When Bryan turned 13 we took a weekend to get away and talk about some very relevant and important topics, dating, peer pressure and sex. I knew he was aware of these things. But, I didn’t want this culture to be his teacher in these critical areas of life. I wanted him to hear that there were traps in each of these areas and he needed a game plan to navigate around them. FamilyLife has developed a great tool for this that I used to help plan a weekend to discuss these with him specifically. It’s called Passport 2 Purity and was my compass for the weekend.  I decided to book a hotel room across town and set up a golf outing around our discussion time.  We finished our weekend event around a steak dinner.
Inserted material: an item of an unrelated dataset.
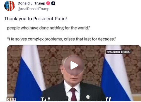 «Շնորհակալություն, նախագահ Պուտին», – գրել է Թրամփը TruthSocial սոցիալական ցանցում։ Ամերիկացի առաջնորդը նաև կիսվել է Ռուսաստանի նախագահի ելույթի մի հատվածով։ Այնտեղ Պուտինը նշել է, որ Թրամփը «շատ բան է անում այս բարդ ճգնաժամերը լուծելու համար, որոնք տևում են տարիներ, նույնիսկ տասնամյակներ»։

There I presented him with a pocket knife, engraved with his name, the date of our celebration and my signature.

My wife did the same thing with our two daughters when they were a little younger (of course she didn’t play golf or give them pocket knives—spa and shopping were the order of the day for the ladies and purity rings for the girls 🙂 ). Ideally it’s done when they are 11 or 12 depending on the maturity of the child to handle these sensitive topics. We still refer to our “passport” weekend to bolster discussions about peer pressure (“bad company corrupts good morals”) and/or dating/sex issues . It was an event we’ll never forget and I believe it has helped and continues to help our children navigate these treacherous waters.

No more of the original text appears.